- [Exercise] Everything in the records below from the line containing "12. fiambre e" through the line containing "We thoughtfully redesign" is to be reproduced exactly, those two lines included; no picture is to be copied.
*** Opening of Given information ***
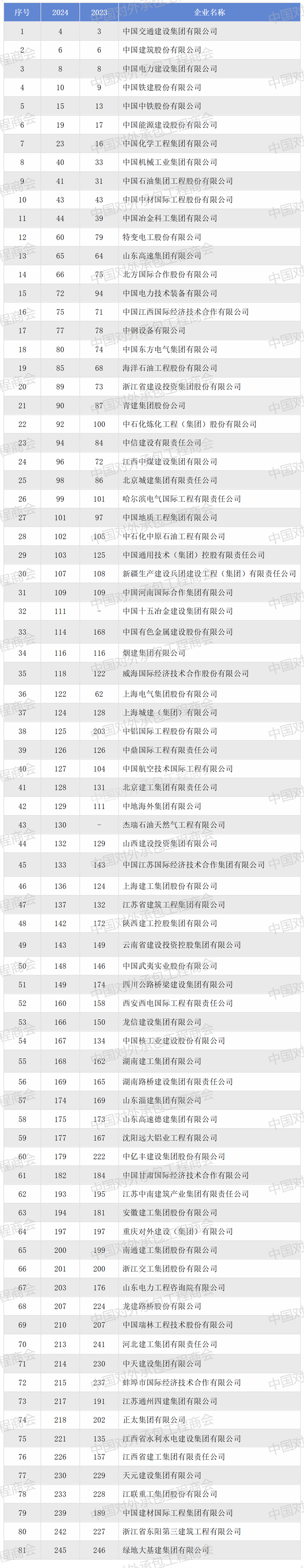 集團位列ENR全球最大國際承包商250強第143位 較2023年上升6位
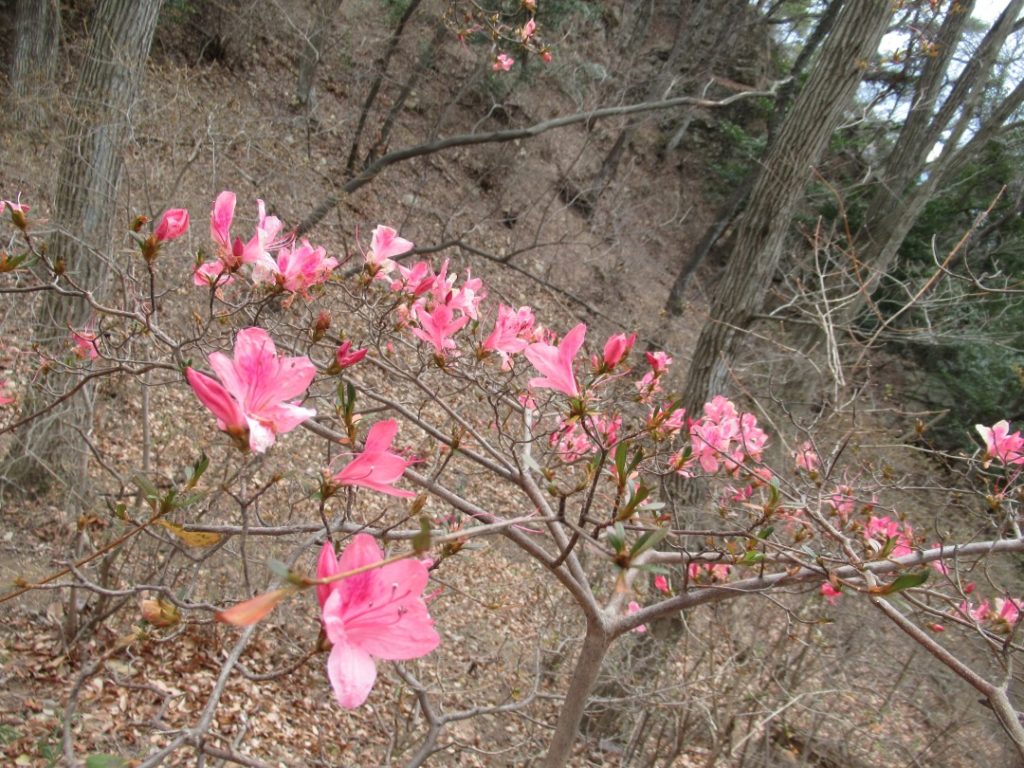 <詳細報告>今年も登り仕舞い、近場の低山、三床山を軽く周回しました。幸い風は殆ど無いのですが、雲が多くポカポカの陽だまりハイキングとはいきません。麓の駐車場には季節の割に多くの車が停められ何事かと思いましたが、氏子の皆さんが鹿嶋神社の新年のしめ縄や門松の準備をされており、下山した時にはすっかり綺麗になっていました。三床山から二床、一床を回りましたが、会ったのは3人だけで静か、鞍部日当たりの良さそうな所に季節外れのピンクのツツジが咲き、ほんのりとした気分です。一床山で休んでいると、下の方から鈴の音が聞こえたかと思うと、群馬から来られたサンタさんが登って来てクリスマスプレゼントに”うまか棒”を頂きました。稜線や山頂からは、白くなった浅間山、日光白根山、富士山、都心方面の霞の中にくっきりスカイツリーが見えました。下山後、一足早い年越し蕎麦を頂き帰宅しました。
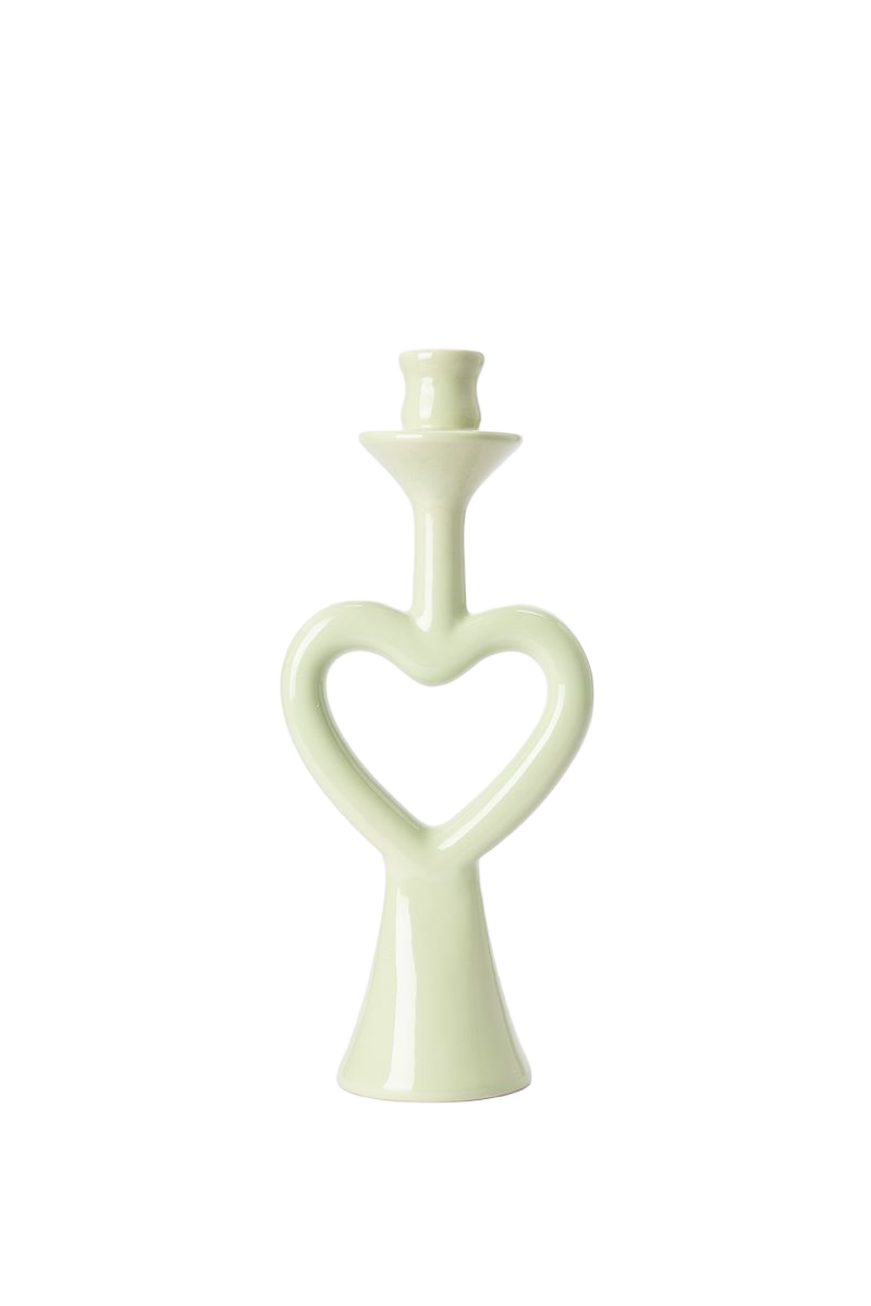 Lichtgroene kandelaar met open hart van Sissy-Boy. De kandelaar is gemaakt van keramiek in de vorm van een hart. Afmeting: 12.5 x 7.5 x 29 cm.
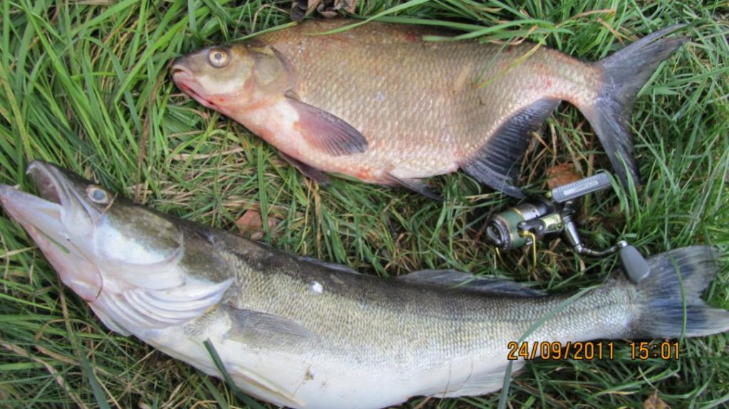 Думаю, побарахтаюсь немного по центру на волне. Стал на место. Первый заброс - зацеп, пришлось рвать снасть. Снова на место, несколько бросков, и вот он клыкастый, притом хороший. Несколько приятных минут вываживания и трофей в сачке (3,3кг). Через минут пятнадцать вдруг почувствовал хорошую тяжесть и, практически сразу на поверхности появился плавник крупного леща (2,5кг). Не ожидал, что так долго придется его вываживать, фрикцион трещал минут десять. Когда взял в подсак, обнаружил, что зацепился то лещ за нижнюю губу. С судаком все ясно, такое бывает часто, то ли он играет так с рыбкой, то ли душит ее, а потом жрет.
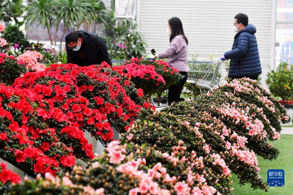 春節將至,各地花卉市場呈現出一派熱鬧景象,人們紛紛前往花卉銷售市場選購,節日氣氛漸濃。新華社發(俞方平 攝)
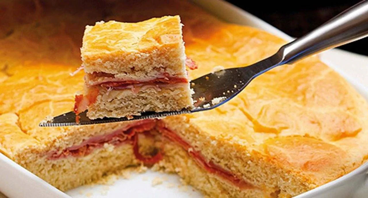 12. fiambre e do presunto rasgadas em pedaços e metade do cozinhado. Cubra com outra placa de massa, e o recheio restante e tape com a restante placa de massa. Tape e deixe levedar durante mais 2 horas, tapado e em local quente.
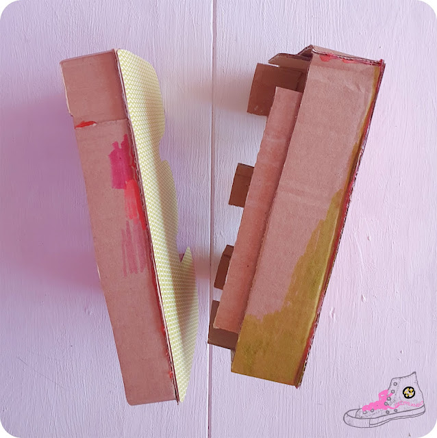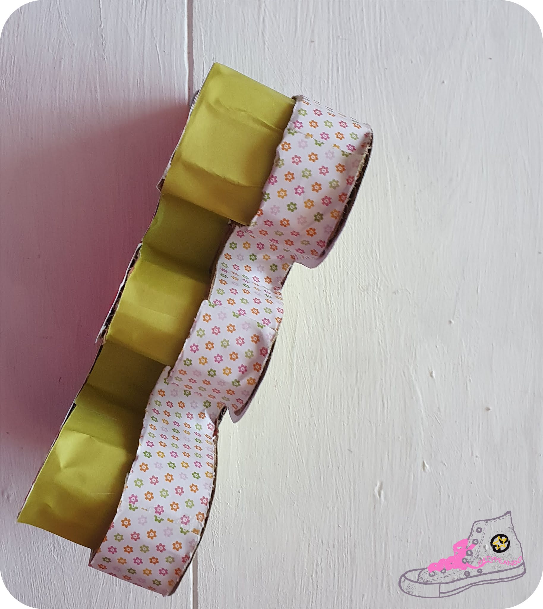 Como no quería que se cerrase del todo, añadí unos cachos de cartón, y así no cierra del todo y queda más ancha…
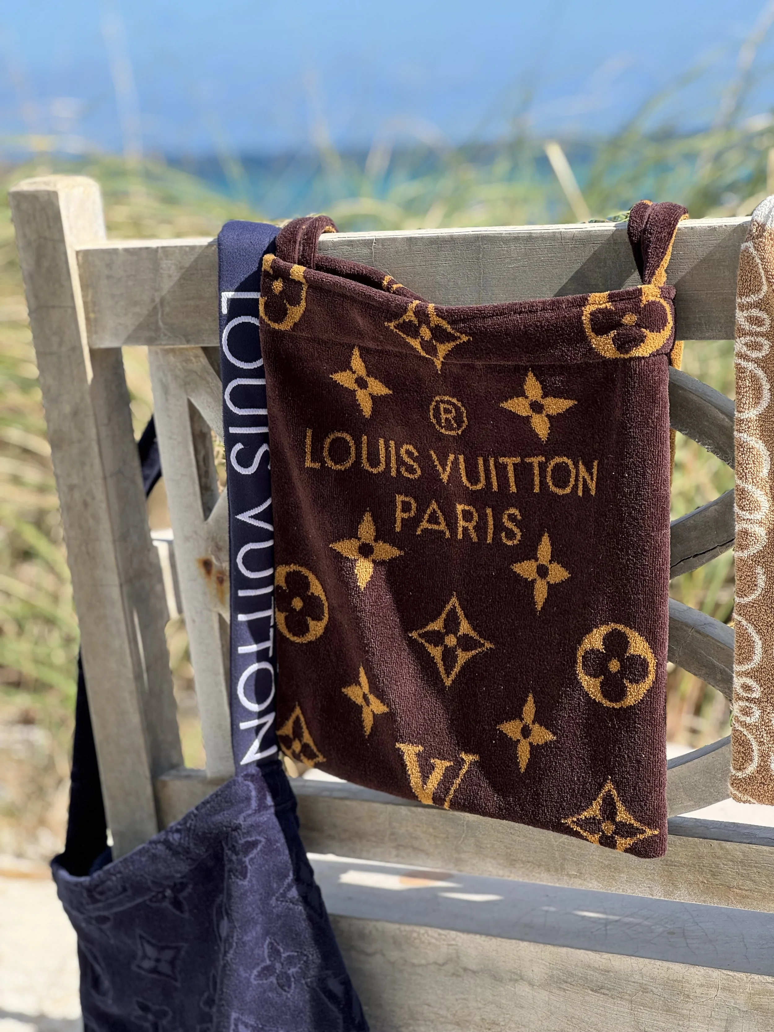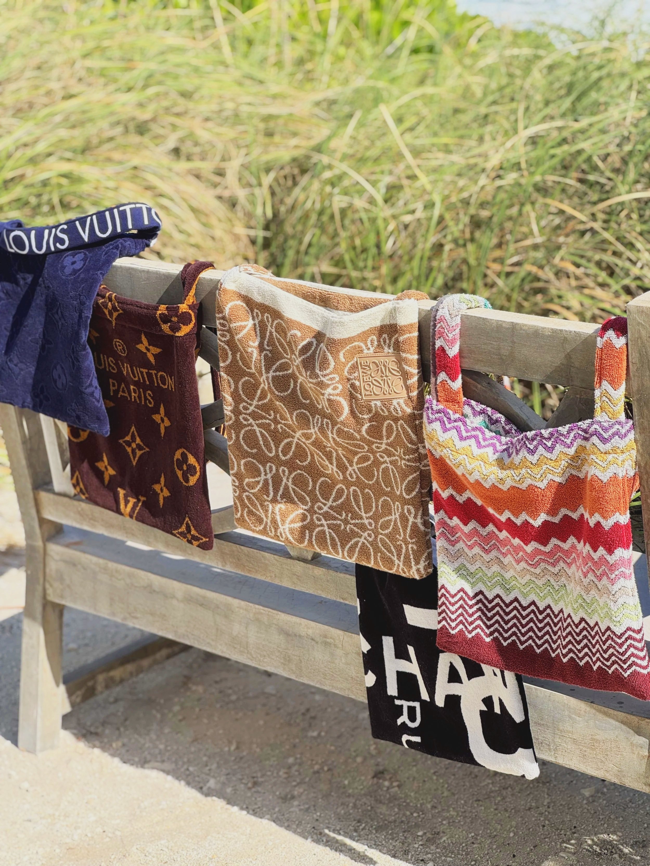 We thoughtfully redesign authentic designer towels into unique crossbody bags and totes. Each piece blends luxury craftsmanship with everyday fictionality- perfect for the beach, shopping, travel, or work.
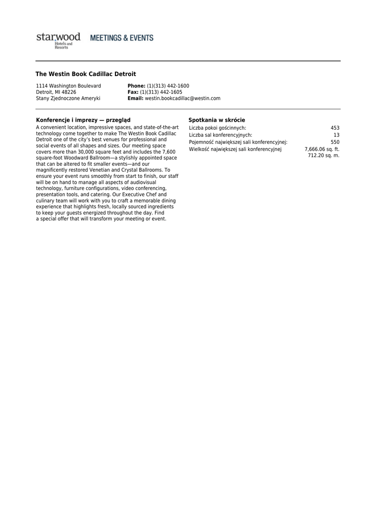 The Westin Book Cadillac Detroit 1114 Washington Boulevard Detroit, MI 48226 Stany Zjednoczone Ameryki Phone: (1)(313) 442-1600 Fax: (1)(313) 442-1605 Email: [email protected] Konferencje i imprezy — przegląd Spotkania w skrócie A convenient location, impressive spaces, and state-of-the-art technology come together to make The Westin Book Cadillac Detroit one of the city’s best venues for professional and social events of all shapes and sizes. Our meeting space covers more than 30,000 square feet and includes the 7,600 square-foot Woodward Ballroom—a stylishly appointed space that can be altered to fit smaller events—and our magnificently restored Venetian and Crystal Ballrooms. To ensure your event runs smoothly from start to finish, our staff will be on hand to manage all aspects of audiovisual technology, furniture configurations, video conferencing, presentation tools, and catering. Our Executive Chef and culinary team will work with you to craft a memorable dining experience that highlights fresh, locally sourced ingredients to keep your guests energized throughout the day. Find a special offer that will transform your meeting or event. Liczba pokoi gościnnych: Liczba sal konferencyjnych: Pojemność największej sali konferencyjnej: Wielkość największej sali konferencyjnej 453 13 550 7,666.06 sq. ft. 712.20 sq. m. The Westin Book Cadillac Detroit 1114 Washington Boulevard Detroit, MI 48226 Stany Zjednoczone Ameryki Phone: (1)(313) 442-1600 Fax: (1)(313) 442-1605 Email: [email protected] Specyfikacja szczegółowa Nieruchomości Typ obiektu Urban Liczba sal konferencyjnych 13 Rok budowy 1924 Całkowita wielkość sal konferencyjnych 3,087.54 sq. m. 33,234.00 sq. ft. Liczba budynków 1 Wielkość największej sali konferencyjnej 712.20 sq. m. 7,666.06 sq. ft. Liczba pięter 23 Pojemność największej sali konferencyjnej 550 Pojemność najmniejszej sali konferencyjnej 38.28 sq. m. Pojemność najmniejszej sali konferencyjnej 20 412.04 sq. ft. Pokoje gościnne Data zameldowania 3:00 PM Internet w pokoju Bezprzewodowy szybki dostęp do Internetu Bezprzewodowy szybki dostęp do Internetu Data wymeldowania 12:00 PM Liczba pokoi gościnnych 453 Udogodnienia Centrum odnowy biologicznej / WestinWORKOUT® Fitness Studio Basen Yes Centrum Fitness Whirlpool Heated Indoor Pool Nazwa basenu Spa Program wypożyczania sprzętu WestinWORKOUT® Udogodnienia odnowy biologicznej / medyczne Lokalne & atrakcje Strefa czasowa E Pobliskie lotniska Kod lotniska DTW Odległość od lotniska Detroit Metropolitan Wayne County Airport 27.36 Kilometers 17.00 Miles Situated in the heart of the Motor City, The Westin Book Cadillac Detroit gives guests a unique vantage point from which to experience the thriving, diverse culture of one of the oldest cities in the Midwest. Obszar lokalny Take a stroll through the enchanting green landscape of Campus Martius Park, just a short walk away, or look across the Detroit River to Canada’s nearby shores from the Detroit Riverwalk’s promenade. Restaurants like Red Smoke Barbecue, Roma Cafe, and Mosaic represent the city's multicultural heritage, while Cliff Bell’s delights music and food lovers alike as one of the region’s most authentic jazz clubs. Discover the thrills of Vegas-style gaming in three upscale casinos, the MGM Grand, Motor City Casino, and Greektown Casino, or catch a Tigers game at Comerica Park. The North American International Auto Show at the Cobo Center is a must-see for those traveling to Detroit in January. Or, take in a concert at Orchestra Hall, home of the world-famous Detroit Symphony Orchestra. The Charles H. Wright Museum of African American History is just a 10 minute cab ride from the hotel, while, just outside the city, The Henry Ford Museum exhibits one of the largest collections of Americana in the country. Transport & parkowanie Opłaty za parkowanie Available at the Washington Boulevard entrance, our 24-hour valet service is available for 30 USD for registered guests. Environmental Practices Energy & Water Conservation: • High-efficiency lighting in guest rooms • High-efficiency lighting in public areas • Water conserving fixtures • Regular preventive maintenance • Make A Green Choice program rewards guests for choosing to conserve natural resources in their guest room. Waste Minimization & Environmentally Responsible Purchasing: • Recycling • Dumpster monitoring • Elimination of styrofoam packaging • Environmentally preferred suppliers • Environmentally preferred products • Amenity management • Alternatives to plastic bottled water • Sustainable food and beverage options Enhanced Indoor Environmental Quality: • Green Housekeeping • Integrated pest management practices • Low-emitting materials, such as paints, flooring and furniture Raising Awareness: • Property-level Green Council • Sustainable Meetings Practices • Carbon-offset program Opłaty & podatki Waluta lokalna United States Dollars Kod waluty USD Metody płatności • CARTE BLANCHE • DINERS/SUNDIN/AMOCO • DISCOVER NETWORK • AMEX / OPTIMA • MASTER CARD • VISA The Westin Book Cadillac Detroit 1114 Washington Boulevard Detroit, MI 48226 Stany Zjednoczone Ameryki Phone: (1)(313) 442-1600 Fax: (1)(313) 442-1605 Email: [email protected] Capacity Charts Room Name Key Dim. (l x w) Area Height Banq. Thtr. Book Boardroom - 8.53 m. x 4.57 m.27.99 ft. x 14.99 ft. 38.65 sq. m. 416.03 sq. ft. 2.74 m. 8.99 ft. 20 20 Boulevard A - 12.19 m. x 8.23 m.39.99 ft. x 27.00 ft. 92.07 sq. m. 991.03 sq. ft. 2.74 m. 8.99 ft. 50 50 Crystal Ballroom - 12.19 m. x 22.25 m.39.99 ft. x 73.00 ft. 240.62 sq. m. 2,590.01 sq. ft. 3.35 m. 10.99 ft. 150 225 Esquire Room - 8.23 m. x 11.28 m.27.00 ft. x 37.01 ft. 87.89 sq. m. 946.04 sq. ft. 2.74 m. 8.99 ft. 50 50 Founders AB - 21.95 m. x 11.58 m.72.01 ft. x 37.99 ft. 220.66 sq. m. 2,375.16 sq. ft. 2.74 m. 8.99 ft. 150 180 Founders Room A - 11.58 m. x 12.50 m.37.99 ft. x 41.01 ft. 136.47 sq. m. 1,468.
*** Close of Given information ***
- [Answer below]
 12. fiambre e do presunto rasgadas em pedaços e metade do cozinhado. Cubra com outra placa de massa, e o recheio restante e tape com a restante placa de massa. Tape e deixe levedar durante mais 2 horas, tapado e em local quente.
 Como no quería que se cerrase del todo, añadí unos cachos de cartón, y así no cierra del todo y queda más ancha…
 We thoughtfully redesign authentic designer towels into unique crossbody bags and totes. Each piece blends luxury craftsmanship with everyday fictionality- perfect for the beach, shopping, travel, or work.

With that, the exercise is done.